- _YOUR GOAL_:
From the first line of the material below through the line containing "Հավաքածուն ներառում է՝", print every line exactly as it stands, but no pictures.

- _STORED DATA_:
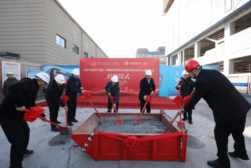 任献青代表医院宣布一附院国家中医药传承创新中心主体结构正式封顶,出席仪式的各位领导为主体结构浇筑最后一方混凝土。
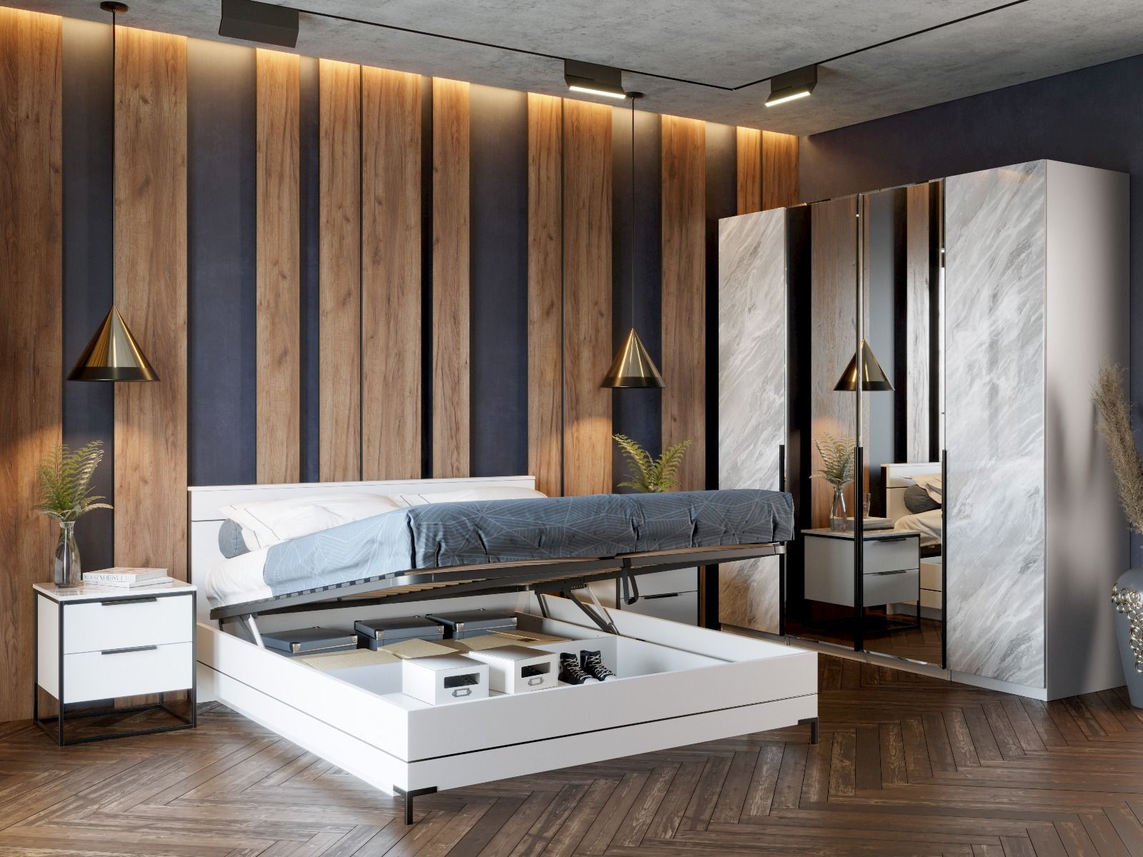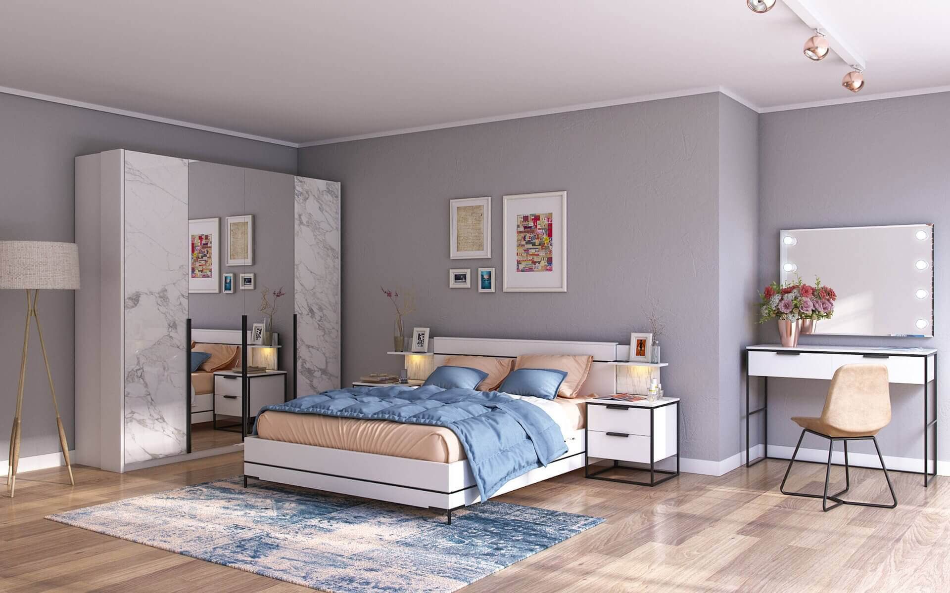 Հավաքածուն ներառում է՝ մահճակալ-պահոցով, ՄԴՖ և ԼԴՍՊ, օրթոպեդ հիմք, չափս-1670*2110*910, զգեստապահարան 4դուռ-ՄԴՖ և ԼԴՍՊ, 2դուռ փակ,2դուռը հայելի, 2դուռը՝ կախիչ, 2դուռը՝ դարակաշար, չափսը՝ 2192*590*2300, կոմոդ ՝ 1198*457*900, տումբա՝ 502*457*550
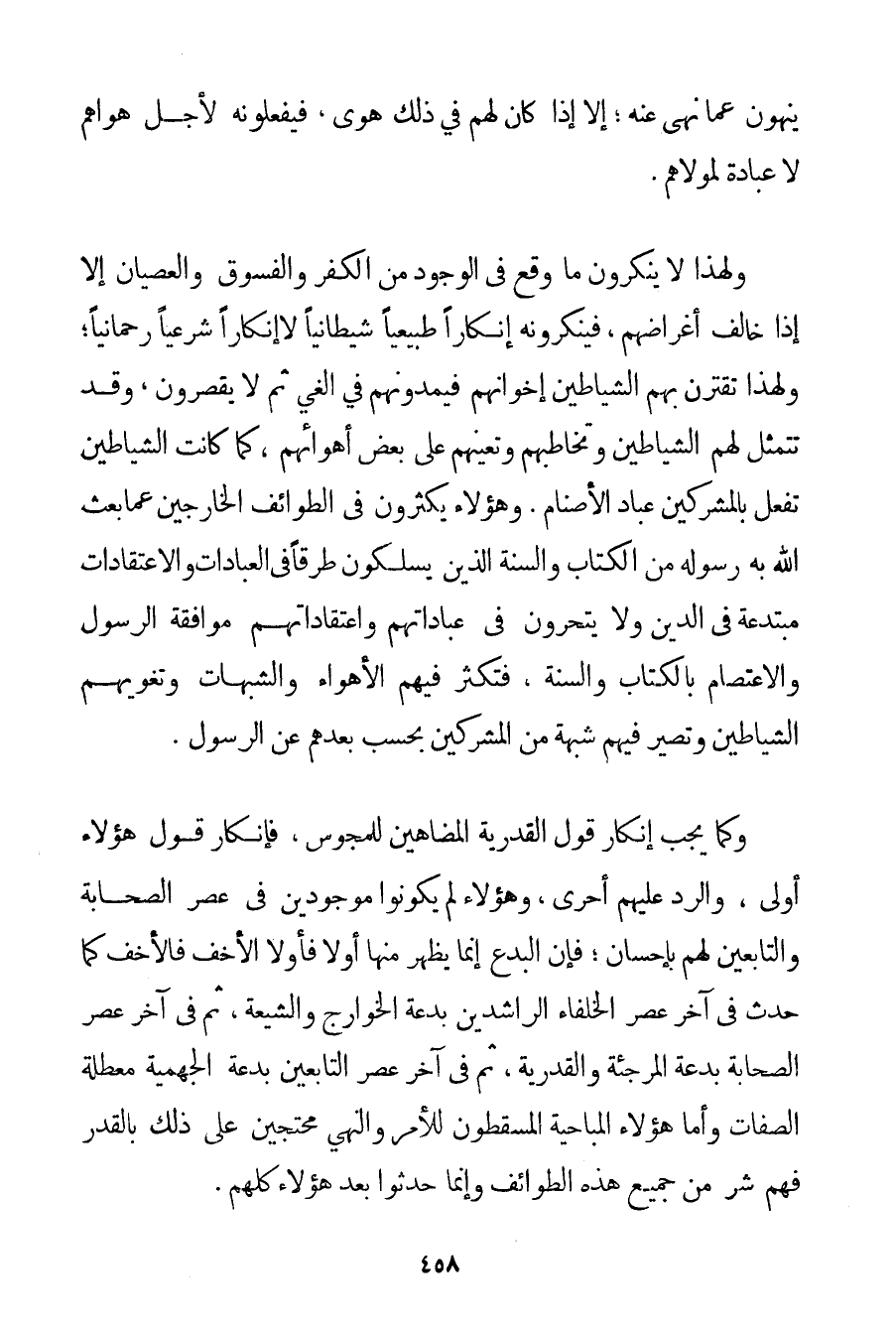 يَنْهَوْنَ عَمَّا نَهَى عَنْهُ؛ إلَّا إذَا كَانَ لَهُمْ فِي ذَلِكَ هَوًى فَيَفْعَلُونَهُ لِأَجْلِ هَوَاهُمْ لَا عِبَادَةً لِمَوْلَاهُمْ؛ وَلِهَذَا لَا يُنْكِرُونَ مَا وَقَعَ فِي الْوُجُودِ مِنْ الْكُفْرِ وَالْفُسُوقِ وَالْعِصْيَانِ إلَّا إذَا خَالَفَ أَغْرَاضَهُمْ فَيُنْكِرُونَهُ إنْكَارًا طَبِيعِيًّا شَيْطَانِيًّا لَا إنْكَارًا شَرْعِيًّا رَحْمَانِيًّا؛ وَلِهَذَا تَقْتَرِنُ بِهِمْ الشَّيَاطِينُ إخْوَانُهُمْ فَيَمُدُّونَهُمْ فِي الْغَيِّ ثُمَّ لَا يَقْصُرُونَ وَقَدْ تَتَمَثَّلُ لَهُمْ الشَّيَاطِينُ وَتُخَاطِبُهُمْ وَتُعِينُهُمْ عَلَى بَعْضِ أَهْوَائِهِمْ كَمَا كَانَتْ الشَّيَاطِينُ تَفْعَلُ بِالْمُشْرِكِينَ عُبَّادِ الْأَصْنَامِ. وَهَؤُلَاءِ يَكْثُرُونَ فِي الطَّوَائِفِ الْخَارِجِينَ عَمَّا بَعَثَ اللَّهُ بِهِ رَسُولَهُ مِنْ الْكِتَابِ وَالسُّنَّةِ الَّذِينَ يَسْلُكُونَ طُرُقًا فِي الْعِبَادَاتِ وَالِاعْتِقَادَاتِ مُبْتَدَعَةً فِي الدِّينِ وَلَا يَتَحَرَّوْنَ فِي عِبَادَاتِهِمْ واعتقاداتهم مُوَافَقَةَ الرَّسُولِ وَالِاعْتِصَامَ بِالْكِتَابِ وَالسُّنَّةِ فَتَكْثُرُ فِيهِمْ الْأَهْوَاءُ وَالشُّبُهَاتُ وَتُغْوِيهِمْ الشَّيَاطِينُ وَتَصِيرُ فِيهِمْ شُبْهَةٌ مِنْ الْمُشْرِكِينَ بِحَسَبِ بُعْدِهِمْ عَنْ الرَّسُولِ وَكَمَا يَجِبُ إنْكَارُ قَوْلِ الْقَدَرِيَّةِ الْمُضَاهِينَ لِلْمَجُوسِ فَإِنْكَارُ قَوْلِ هَؤُلَاءِ أَوْلَى وَالرَّدُّ عَلَيْهِمْ أَحْرَى وَهَؤُلَاءِ لَمْ يَكُونُوا مَوْجُودِينَ فِي عَصْرِ الصَّحَابَةِ وَالتَّابِعِينَ لَهُمْ بِإِحْسَانِ؛ فَإِنَّ الْبِدَعَ إنَّمَا يَظْهَرُ مِنْهَا أَوَّلًا فَأَوَّلًا الْأَخَفُّ فَالْأَخَفُّ كَمَا حَدَثَ فِي آخِرِ عَصْرِ الْخُلَفَاءِ الرَّاشِدِينَ بِدْعَةُ الْخَوَارِجِ وَالشِّيعَةِ ثُمَّ فِي آخِرِ عَصْرِ الصَّحَابَةِ بِدْعَةُ الْمُرْجِئَةِ وَالْقَدَرِيَّةِ ثُمَّ فِي آخِرِ عَصْرِ التَّابِعِينَ بِدْعَةُ الْجَهْمِيَّة مُعَطِّلَةِ الصِّفَاتِ وَأَمَّا هَؤُلَاءِ المباحية الْمُسْقِطُونَ لِلْأَمْرِ وَالنَّهْيِ مُحْتَجِّينَ عَلَى ذَلِكَ بِالْقَدَرِ فَهُمْ شَرٌّ مِنْ جَمِيعِ هَذِهِ الطَّوَائِفِ وَإِنَّمَا حَدَثُوا بَعْدَ هَؤُلَاءِ كُلِّهِمْ.
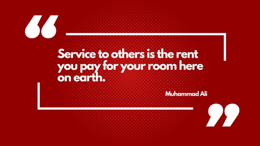 Muhammad Ali, known worldwide as one of the greatest boxers to ever step into the ring, was also a man of profound wisdom outside of sport. Among his many memorable quotes, one stands out for its clarity and universal truth: “Service to others is the rent you pay for your room here on earth.” This simple yet powerful idea transcends boxing, fame, or personal achievement, and instead focuses on something every one of us can do — give back.

- _TASK RESPONSE_:
 任献青代表医院宣布一附院国家中医药传承创新中心主体结构正式封顶,出席仪式的各位领导为主体结构浇筑最后一方混凝土。
 Հավաքածուն ներառում է՝ մահճակալ-պահոցով, ՄԴՖ և ԼԴՍՊ, օրթոպեդ հիմք, չափս-1670*2110*910, զգեստապահարան 4դուռ-ՄԴՖ և ԼԴՍՊ, 2դուռ փակ,2դուռը հայելի, 2դուռը՝ կախիչ, 2դուռը՝ դարակաշար, չափսը՝ 2192*590*2300, կոմոդ ՝ 1198*457*900, տումբա՝ 502*457*550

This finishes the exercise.